İndüklenebilir pluripotent hücre kolonileri ortaya çıktığında, hücreleri, çekirdek sevgisinden üç gün sonra ve kaplamadan üç gün sonra histon deasetilaz inhibitörleri içeren taze hazırlanmış insan embriyonik kök hücre ortamı ile beslemeye başlayın, çekirdek etkilenen hücreleri indüklenebilir meth üzerine yerleştirin. Başarılı bir NU nükleer sevgisinin etkinliği floresan mikroskobu ile tahmin edilmelidir Örneğin, burada gösterilen EGFP için, toplam hücre popülasyonunun yaklaşık% beş ila 10'unun EGFP yeniden programlanmış indüklenebilir pluripotent kök hücre kolonilerinin NU nükleer sevgisinden yaklaşık iki hafta sonra ortaya çıkmaya başlayacağı tipik bir çekirdek sevgi deneyidir. Koloniler genellikle iyi tanımlanmış sınırlara sahip daireseldir ve yüksek nükleer-sitoplazmik orana sahip küçük, sıkıca paketlenmiş hücreler ve tamamen karakterize edilmiş temsili çizgilerin görünür nükleolleri dahil olmak üzere karakteristik insan embriyonik kök hücre morfolojisi ile tanımlanabilir.

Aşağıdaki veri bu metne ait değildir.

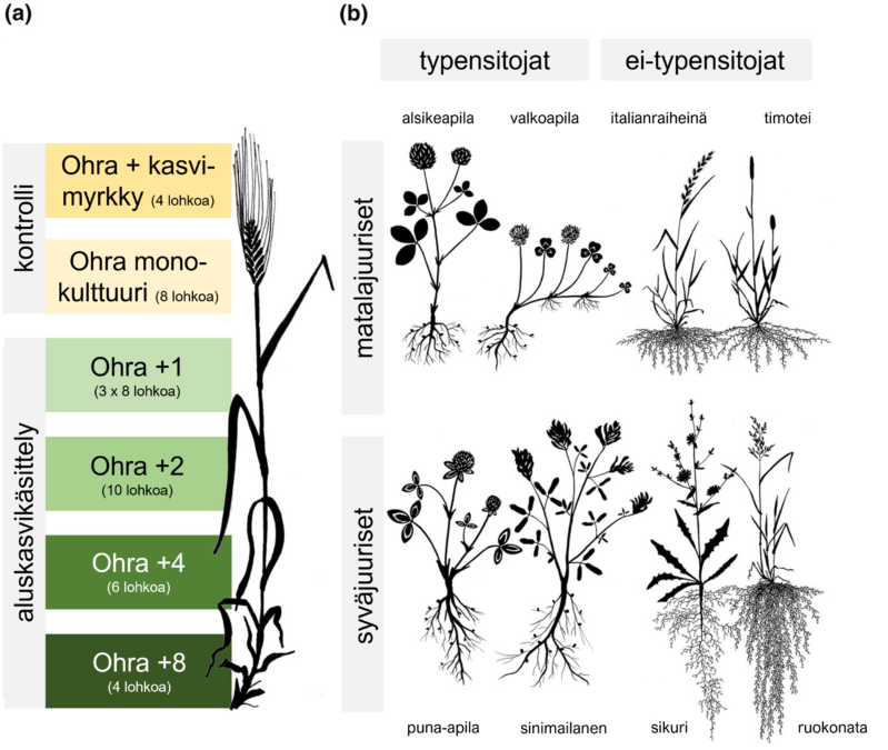 Kokeessa tutkittiin kahdeksaa kasvilajia, joista neljä oli typensitojia ja neljä syväjuurisia, siten että nämä ominaisuudet esiintyivät yhdessä ja erikseen (kuva 1b). Aluskasveja istutettiin ohran kanssa yksi tai useampia, sekä ohraa ilman aluskasveja kasvimyrkkyä käyttäen ja ilman (Kuva 1a). Kutakin erilaista koeasetelmaa oli vähintään kolmella lohkolla (ks. kuva 1a) ja yhteensä kokeessa oli 56 lohkoa. Ohra kylvettiin touko-kesäkuussa ja kylvölannoituksena annettiin typpeä 80 kilogrammaa hehtaaria kohden. Aluskasvit kylvettiin viikkoa myöhemmin. Lehtitaudin esiintyminen tutkittiin määrittämällä lehden vaurioitumisaste, eli lehdissä näkyvien laikkujen määrä. Koealat sijaitsivat Viikissä, Helsingissä, ja tämän tutkimusartikkelin kokeet toteutettiin vuonna 2020.

Alkalin fosfataz aktivitesi için pozitif olan tüm testler, standart pluripotens belirteçlerini eksprese eder ve bir kez ustalaştıktan sonra endojen pluripotens genlerini yeniden aktive eder. Bu teknik, düzgün bir şekilde gerçekleştirilirse, dört hafta içinde sürekli olarak entegrasyonsuz IPSC oluşturabilir. Bu prosedürü takiben, herhangi bir doku tipi ile ilgili soruları yanıtlamak için farklılaşma çalışmaları yapılabilir.